To evaluate the potential for false-negative results due to competition that may occur when simultaneously amplifying wild-type hMPV RNA and h-IC, LOD studies were performed with and without the presence of the h-IC. Replicates (n = 6) of a dilution series of hMPV RNA containing 10, 25, 50, 100, and 250 RNA cps/iso (approximately 2, 5, 10, 20, and 50 hMPV RNA cps/amp) were added to NucliSENS lysis buffer containing 200 µl of respiratory sample matrix. h-IC was added to only one set of replicates. Both sets of replicates were extracted using the easyMAG and tested simultaneously with the hMPV assay as described above.

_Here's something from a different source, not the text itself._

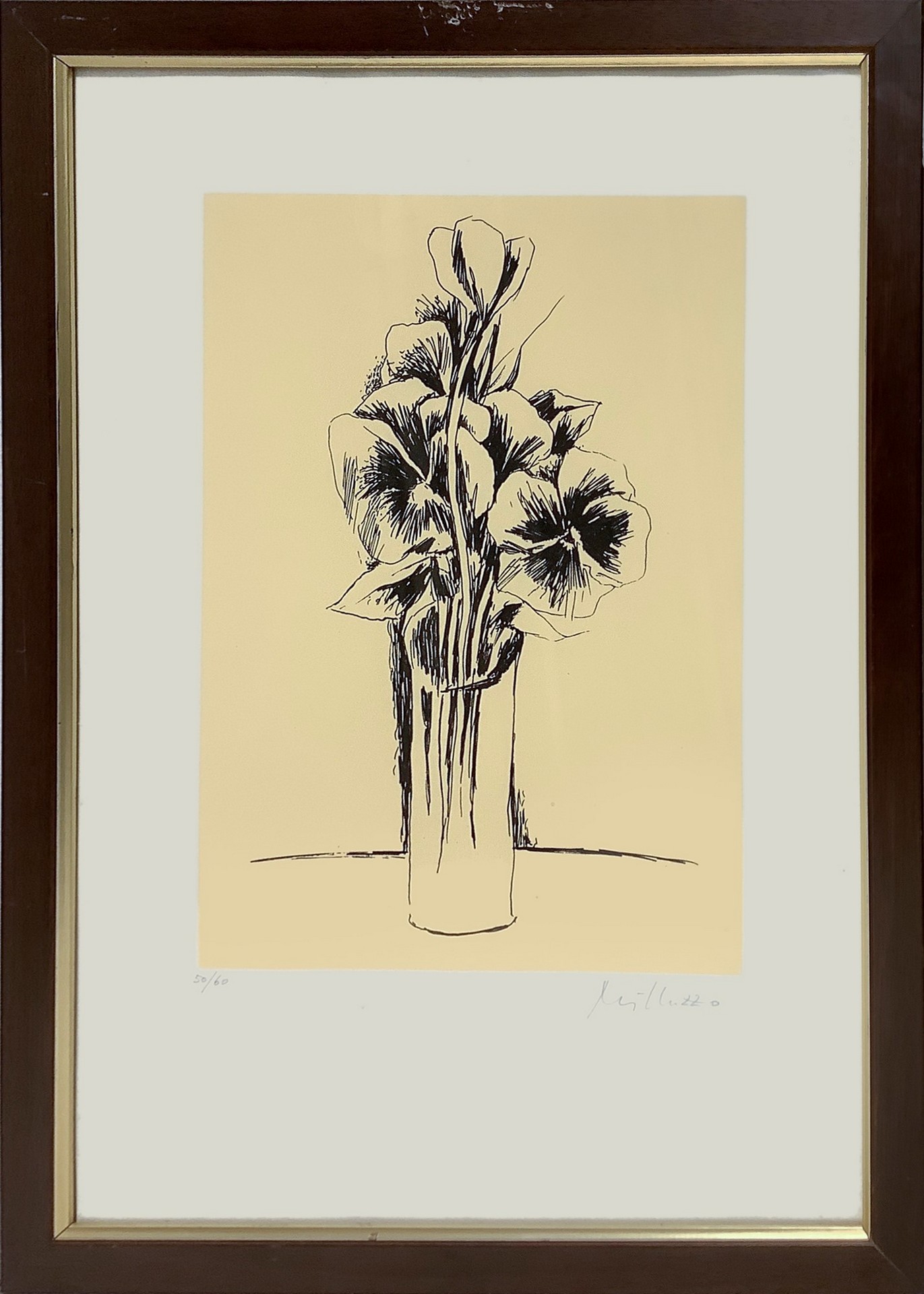 Milluzzo, Sebastiano (Catania 1915-Catania 2011) - Fiori in vaso in cornice 54x39 cm Litografia 50/60
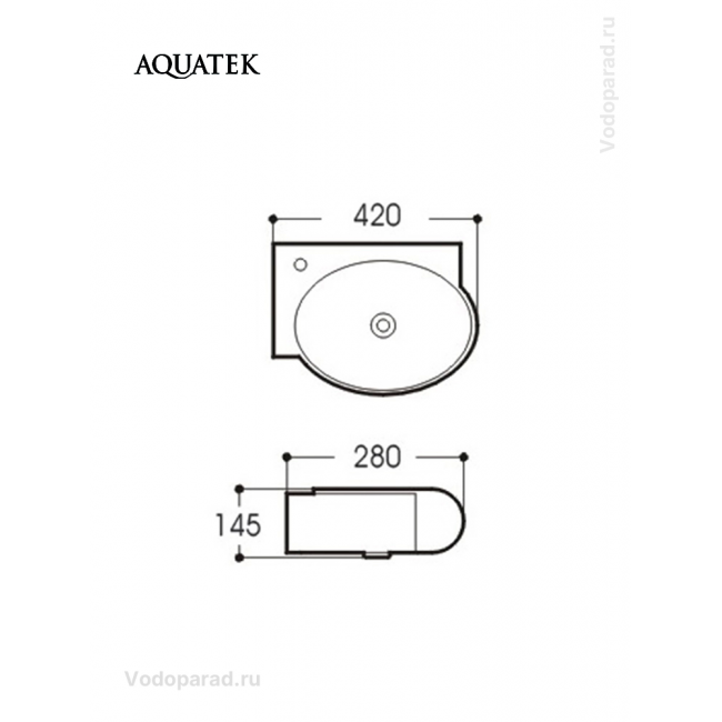 Все модели Aquatek изготовлены из высококачественного глазурованного 100% санитарного фарфора, который на протяжении всего срока службы сохраняет идеальную белизну. В данной модели раковины предусмотрены отверстие для установки смесителя и встроенный канал слива-перелива в виде специальной полости на случай переполнения чаши. Раковина выполнена в едином стиле с другими предметами этой же коллекции – биде и унитазами. Установка накладной раковины не требует сложного монтажа, ее можно установить практически на любую ровную поверхность.

Clinical performance studies. (i) Detection of hMPV in clinical samples. Pediatric respiratory samples (n = 653) were processed and NAs extracted and tested for hMPV as described above. hMPV prevalence rates were stratified by patient age, and rates were compared to all those of other viruses identified from the samples by DFA and R-Mix culture.

(ii) Evaluation of clinical specificity and clinical sensitivity. Clinical specificity and sensitivity were assessed using (i) clinical samples identified by the NucliSENS ASR assay as hMPV positive (n = 35), (ii) a subset (n = 100) of randomly selected NucliSENS ASR hMPV-negative clinical samples, and (iii) additional randomly selected discard adult and pediatric respiratory samples (n = 98) DFA negative for hMPV. NucliSENS hMPV-positive and -negative results were evaluated with an in-house-validated RT-PCR assay using the Pro-hMPV ASRs (Prodesse, WI). Assays were performed using the SmartCycler real-time PCR instrument (Cepheid, Sunnyvale, CA).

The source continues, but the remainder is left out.